Anyway, after all this running, I am back to 160. I blamed it on the non-stop eating all over Italy, but really it has been an on-going thing. I take a challenge or be good for a few days and get to 156 or so, but then I'm off the wagon and go right back up. Every time I go back up, some of the clothes fit, I think I am dressing "smart" and delude myself that I really don't look "THAT bad." Then something happens and I realize, I really do look THAT bad.
And, I can't deny the numbers any longer. The running has not gotten me to RunnerBody. I do believe I have built muscle, hell, not everyone does a 1 minute plank, but I've still got a long way to go on the core and strengthening and definitely on the weight.
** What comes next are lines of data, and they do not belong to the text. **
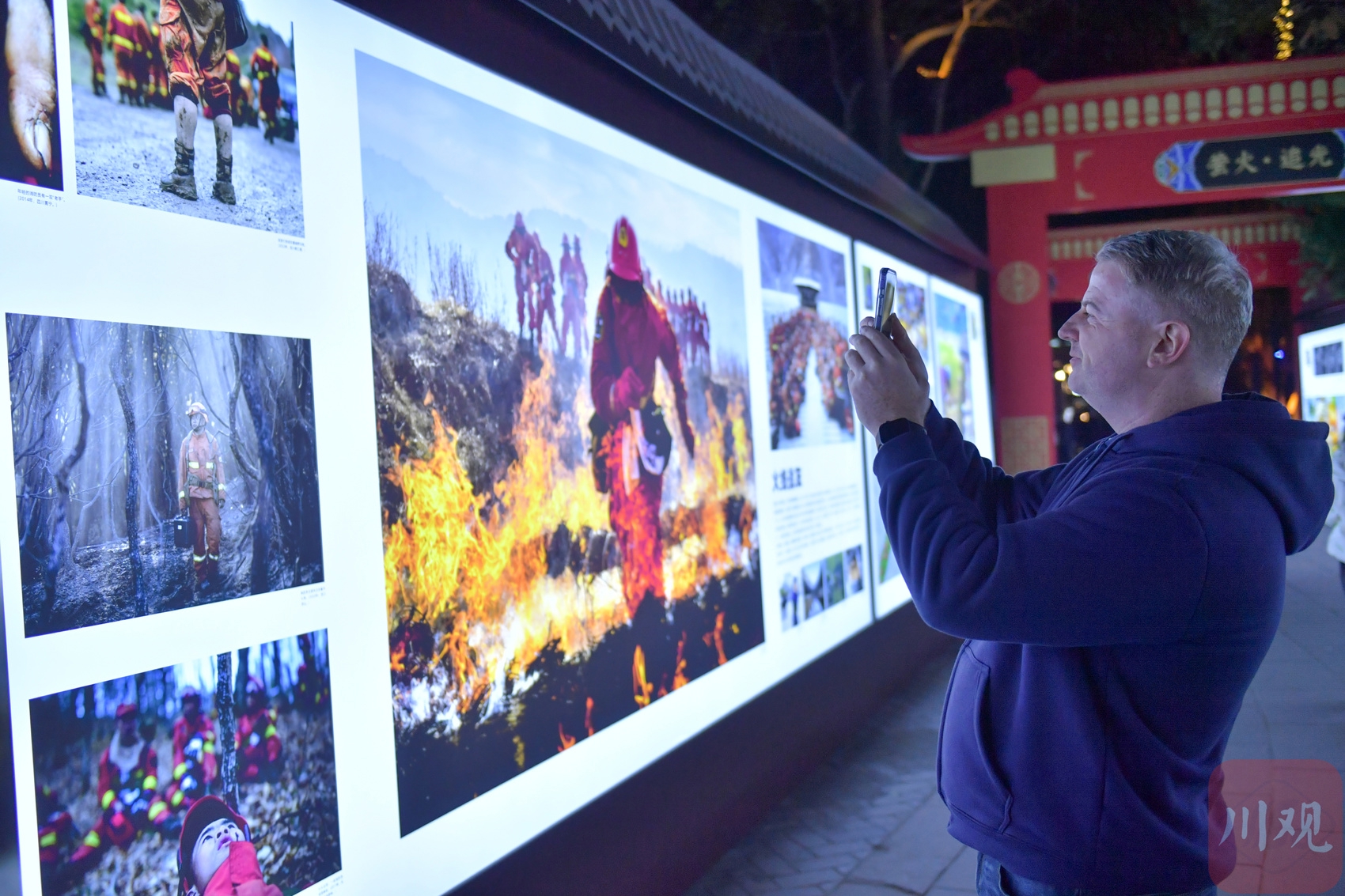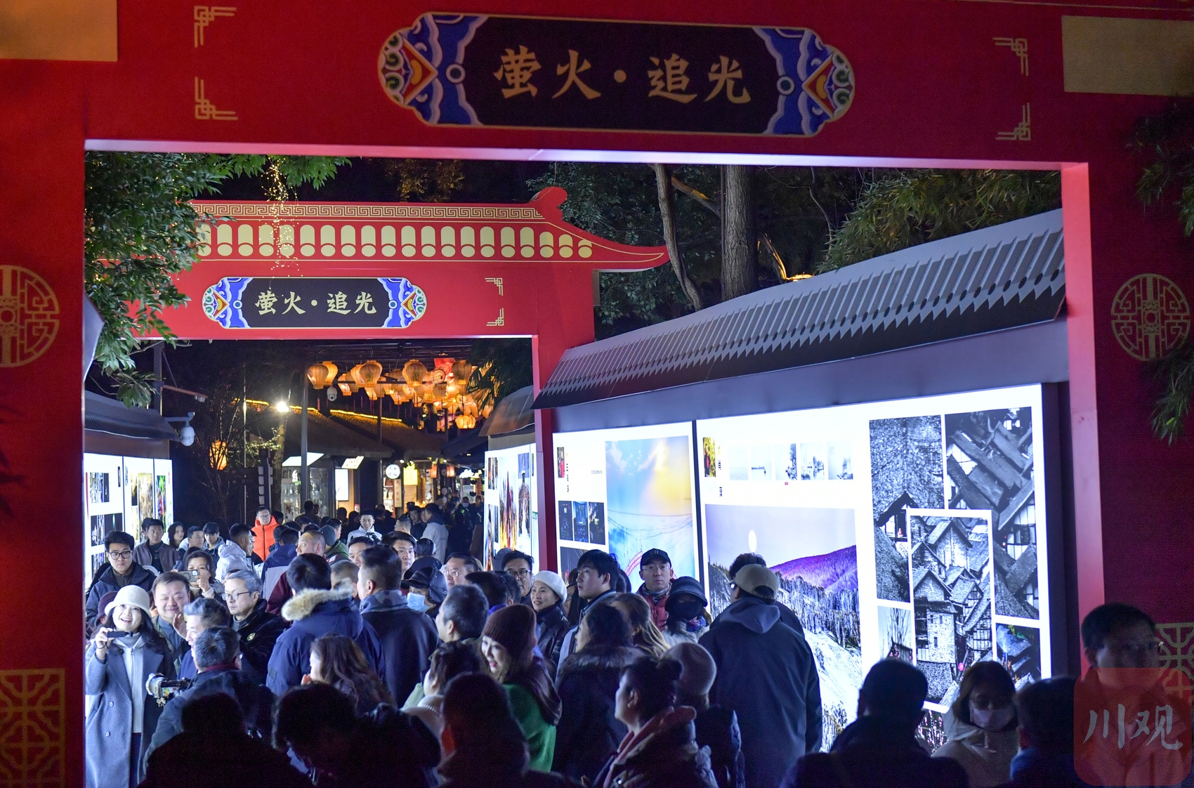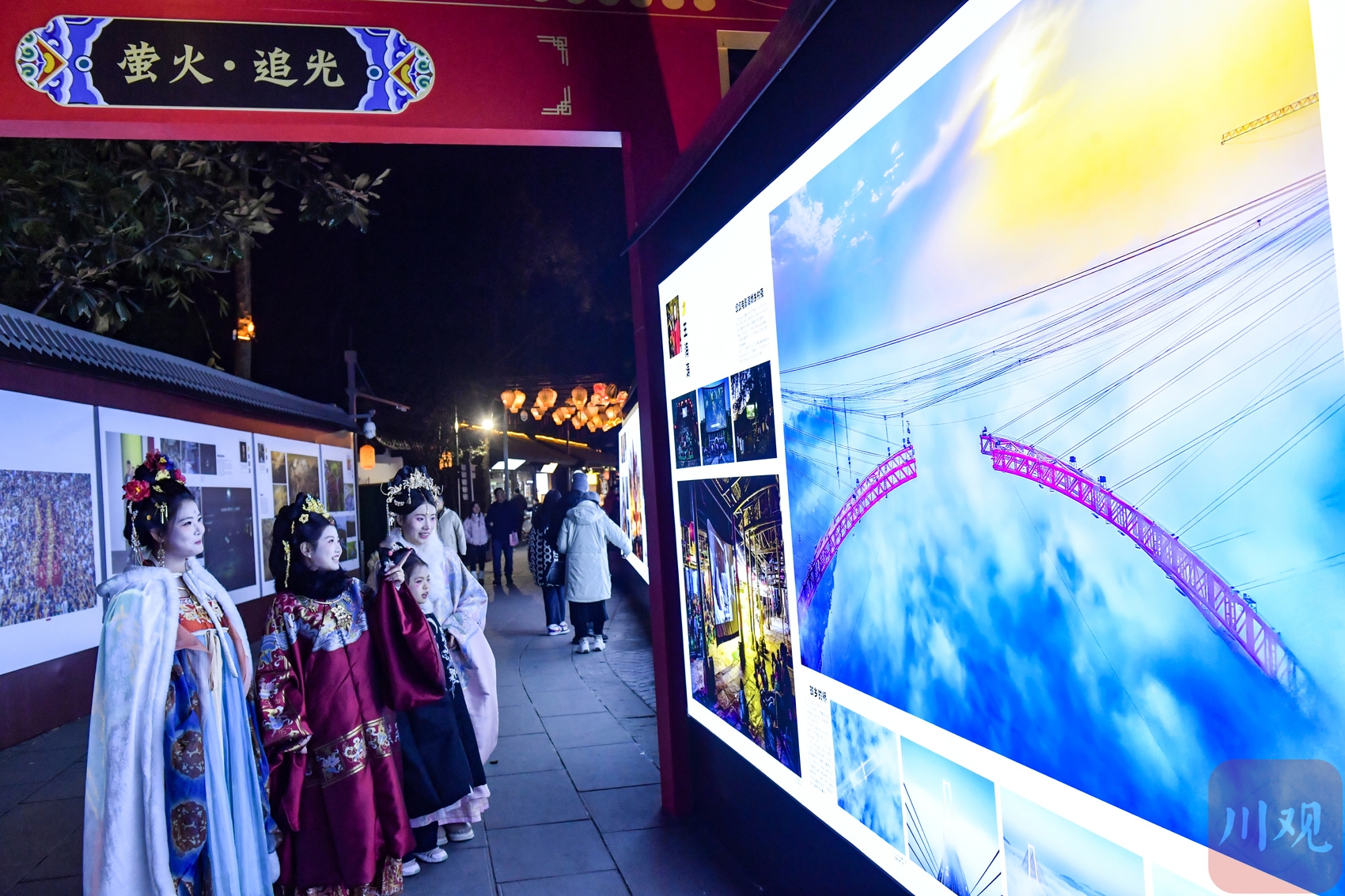 2026年1月25日晚,在成都锦里文化旅游街区,“萤火·追光”摄影展吸引市民或游客驻足欣赏。
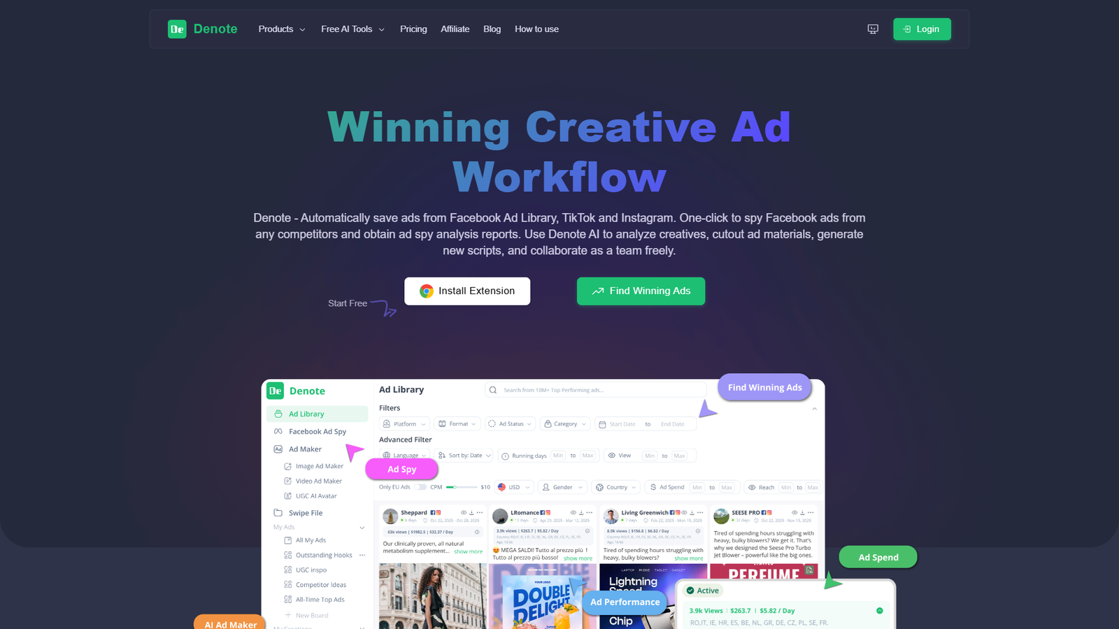 Denote — это инструмент для маркетологов и креативных команд, который автоматизирует работу с рекламными объявлениями из Facebook Ad Library, TikTok и Instagram. Сервис помогает находить, сохранять и анализировать лучшие креативы конкурентов в пару кликов.
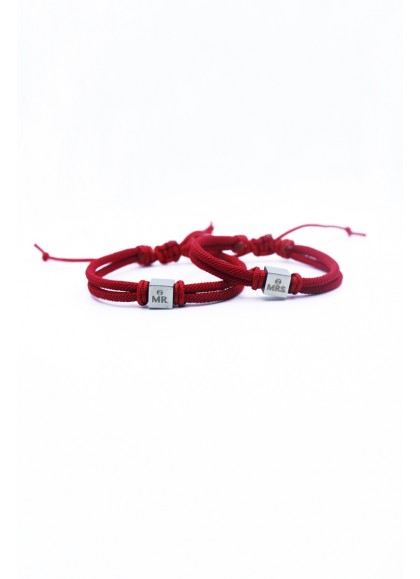 Pack conformado por dos pulseras regulables elaboradas con cuerda de milan de gran resistencia y dijes de acero inoxidable. También pueden ser ambas Mr o ambas Mrs.
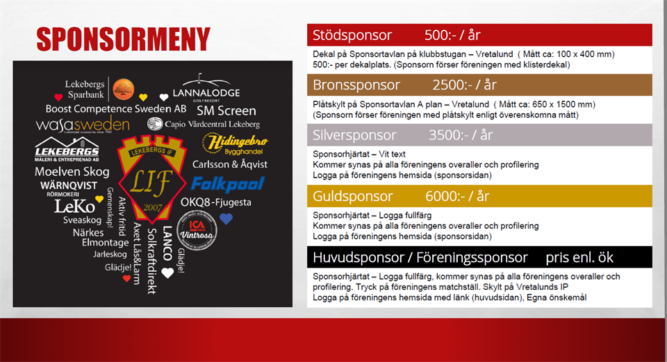 Nu söker vi fler och nya sponsorer inför 2026. Vill du eller någon du känner bli Lekebergs IF nästa sponsor?
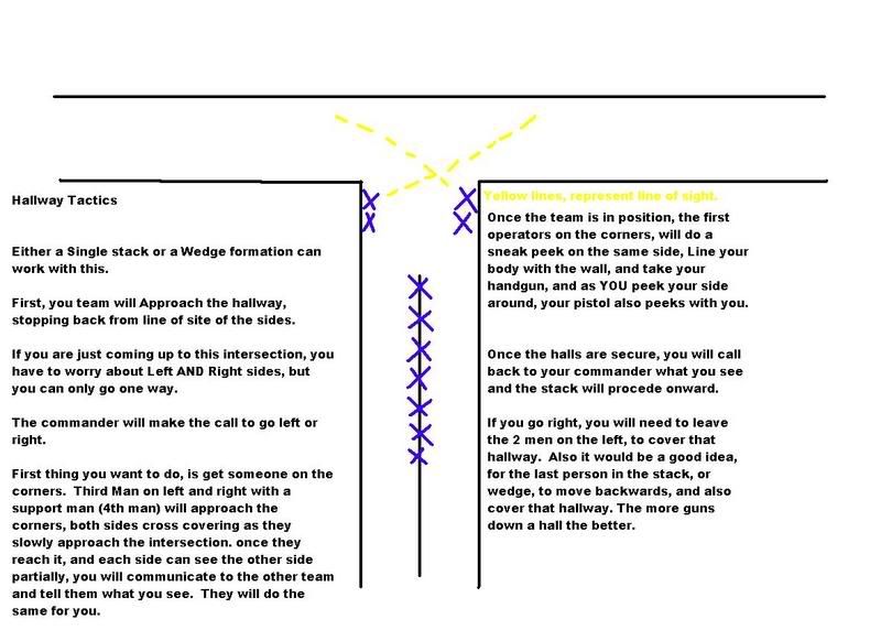 Once the team reaches the end, you will send either a left or right side up, to secure the door at the end of the hallway, then you reform your stack, and make your exit from the hall.
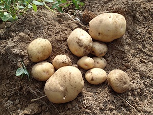 掘り上げましたジャガイモの品種は、キタアカリ。
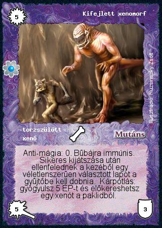 Kiadás: Rhatt fénykora Gyakoriság: nem gyakori Lapszín (isten): Mutáns Klán Típus: torzszülött Altípus: xenó Szöveg: Anti-mágia: 0. Bűbájra immúnis. Sikeres kijátszása után ellenfelednek a kezéből egy véletlenszerűen választott lapot a gyűjtőbe kell dobnia. Kárpótlás: gyógyulsz 5 ÉP-t és előkereshetsz egy xenót a paklidból. Illusztráció: Ruzsinszki Zsolt

I'll never forget a quote from an article I read about getting six pack abs. Anyone can have them, but to show them off you've got to be lean as well. They can't be covered in a layer of chub. I think it is time to de-chub....
Hub tells me the gym is having a fitness and weight loss challenge and he is willing to do it with me. We decide to do it and find out more details as we investigate. The Meredith Publishing Corp, which is responsible for countless magazines and books and happens to be located in lovely Des Moines, is doing research for a fitness and weight loss book they want to put out later this year. The challenge is sponsered by them and involves diet and fitness regimens you can use or not, weigh in and measurements, before and after pics (OMG!!) and prize money to the winners -- all through our gym.
We did our before and after pics, front and back, to take to the weigh in. I. was. mortified. How long have I been miss fun-loving with the larger than a house back-side? OMG, I need action. NOW. Seriously. This is so bad. I have been carrying the picture around in a folder in case I try to delude myself again. (and it does not resemble the lady with the branch having an epiphany, it is nearly as scary as fun-loving cartoon lady.) My hub asked if I was going to post the picture. It is so bad, I seriously can't fathom it unless there is an absolutely amazing RunnerBody after to go next to it.
So, I am going to try running 3 times per week, but with a lot of cardio cross training and lots of weight training. And, major lifestyle changes with the intake. Major. It won't be fun, but apparently I've already had more than my share.
I did cardio (35 min) + weights on Tuesday and Wednesday.
Ran on Thursday.
Friday off.
Saturday weights and toning.
Sunday cardio (40 min) + weights. (I did a 70 second plank!! The side ones still kill me though.)
Wish me luck. My challenge start was 161 and I weighed 156 on that scale on Sunday. If I can get some weight off and keep it off, then maybe I can handle some race preparation a little better.